The Curse Of Remaking The Epics - Part 2

The problem with our cinema does not end with the endless retelling of epics. It goes much deeper than that. It sits in the way our audience reacts when a filmmaker chooses to speak about caste, religion, oppression or anything, that shows the uncomfortable truths of our society. The same people who are willing to watch the Ramayana and Mahabharata a thousand times suddenly become restless when a film talks about the lives of the marginalised. They say it is overdone. They say it is boring. They say it is unnecessary. They ask why these directors cannot make something else.

This contradiction shows the strange mindset that Indian cinema has grown under. People are absolutely fine with a hero fighting a hundred men in a market street. They are fine with item songs that have no meaning. They are fine with intimate scenes that exist only to sell tickets. They are fine with punch dialogues and exaggerated masculinity. They are fine with commercial cinema that repeats the same formula year after year, because it does not question anything inside them. It does not make them uncomfortable. It does not ask them to think.


But the moment a film talks about caste discrimination or suffering of marginalized or the religious issues on someone’s life, suddenly the audience becomes impatient. They say it is forced. They say it is too political. They say it is propaganda. They say it is unnecessary negativity. The same audience that can tolerate the same mythological story for centuries cannot tolerate a social truth for two and a half hours.

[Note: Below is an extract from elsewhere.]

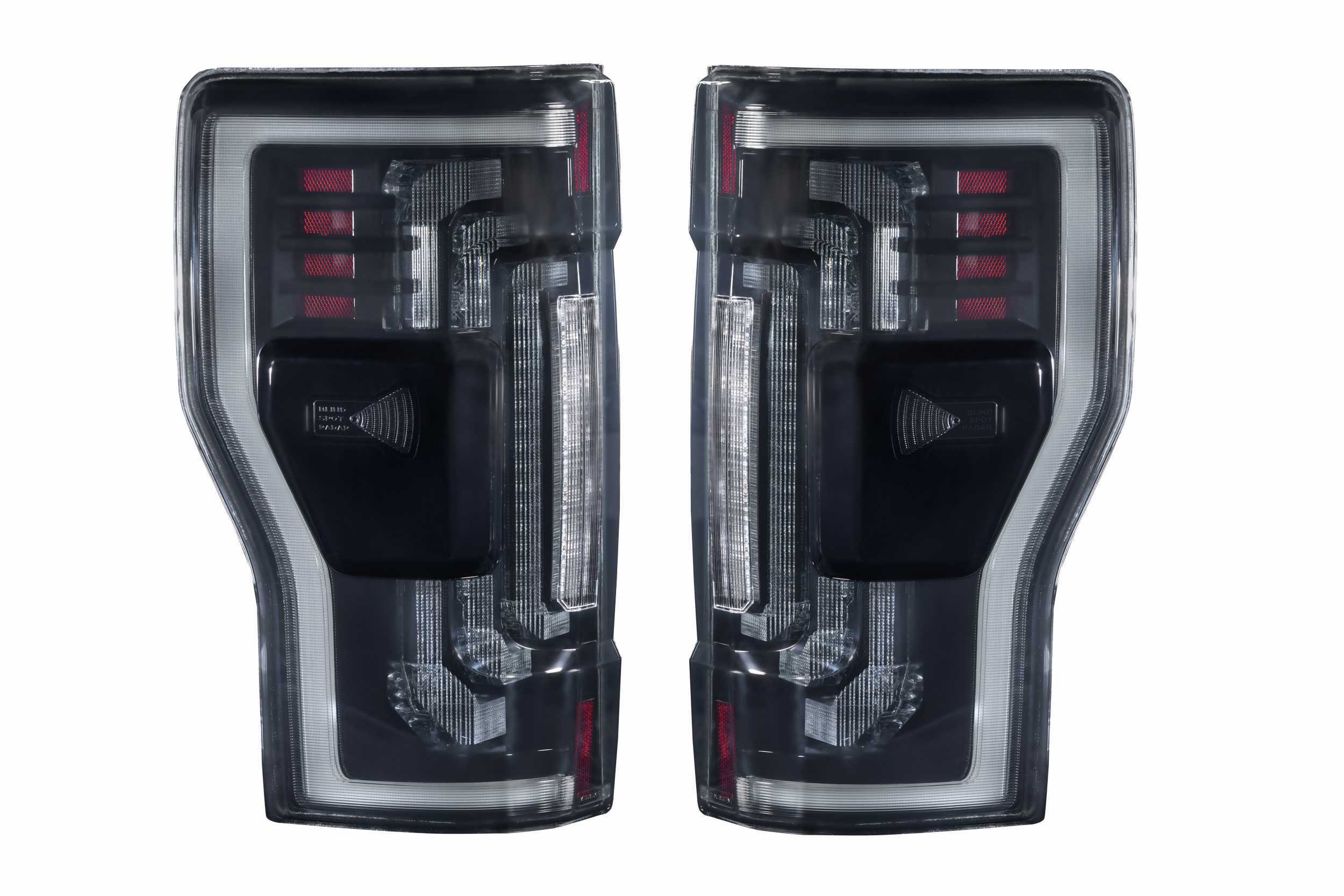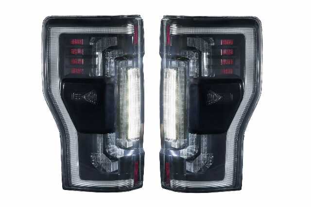 Ford Super Duty: Given the popularity of the XB headlights for the Super Duty from Morimoto, its evident that Super Duty owners aren’t the crowd who cuts corners when it comes to upgrades for their truck... and while there's no shortage of aftermarket parts out there, somehow no brand has yet to deliver a worthy set of tail lights for this truck ...until now. The Morimoto XB LED tail lights for the 2017-2022 Ford Super Duties are the category killer you have all been waiting for! Ultimate Flex: Compatible with all versions of the Ford Super Duty from 2017 to 2022, they will fit all trucks with OE incandescent, OE incandescent with BLIS, or the OE LED with BLIS tail lights... Yes you read that correctly. Even if your truck does not have the BLIS system, the XB tails will still fit, work properly, and add that high-end vibe to your truck. They will not however magically enable the BLIS function. Everything has been thoughtfully designed to be completely plug n play with the factory wiring harness and radar system, use all of the stock mounting points, and should not take more than 30 minutes to install both taillights. Reverse Lights: Are often over-looked, but not with the Morimoto XB tail lights for the Super Duty. While they come standard with powerful LED reverse lights, just wait, theres more! Morimoto's backup light boost setup allows you to plug n play with the optional XB Backup Light Boost Bar that mounts to the top of your license plate frame and provides an extra 5000 lumens of controlled light output in reverse. Yeah, Morimoto customers like to see where they’re going in reverse too! Style: Inspired by the design of modern OEM LED tail lights from Ford, these look at-home in the rear end of the Super Duty. Three rows of 3D light blades are illuminated from the rear with integrated TIR optics, and serve as the brake light and turn signal. The parking light optic around the outer edge of the lights mirrors the OEM LED setup, and is equally impressive in the intensity department day or night. Pair that with the surrounding muscular trim, optional smoked or red outer lens, and we've easily got what is the best-looking set of Super Duty tails on the road. Style and Safety: All Morimoto tail lights are designed to comply with all DOT, SAE regulations for rear-facing lamps. We pride ourselves on offering stylish, high-performance and safe products for serious enthusiasts, which is why all new Morimoto products are verified by trusted third party labs for compliance and are backed with an industry-leading five year warranty.

This discomfort comes from years of conditioning. Indian commercial cinema has taught its audience that films exist only for entertainment. Films exist to escape reality not face it. Films exist to glorify the hero. We have grown up watching movies that supported fantasy and suppressed reality. So naturally when a filmmaker finally chooses to speak the truth the audience rejects it. Not because the truth is wrong but because the truth threatens their comfort zone.


Who is responsible for this. Is it the directors who kept feeding the audience the same commercial formula until they forgot what meaningful cinema looks like. Or is it the audience that demanded the same kind of films again and again until the industry surrendered completely. It is impossible to separate the two. One shaped the other. One encouraged the other. One lowered the bar and the other accepted it.


In this cycle there is very little space for films that challenge society. When a director talks about caste he is accused of provoking. When he shows religious manipulation he is accused of disrespect. When he portrays oppression he is accused of exaggeration. People are ready to worship epics but not ready to watch their own reflection. They are ready to celebrate gods but not ready to acknowledge humans.


The tragedy is that cinema could have been the strongest tool for change. It could have been the mirror this country desperately needs. It could have been a place where people confront the truth they ignore every day. But that cannot happen in a culture where epics are considered entertainment and social issues are considered burden. That cannot happen when commercial films define the imagination of a whole generation. That cannot happen when comfort is valued more than awareness.


We keep asking why our films do not evolve. The answer is simple. We do not evolve. The industry is only a reflection of its audience. And as long as we reject realism and worship repetition we will continue to live inside the same cycle.

There is a cost to choosing comfort over truth. And someday that cost will be brutal than any epic we put on a screen.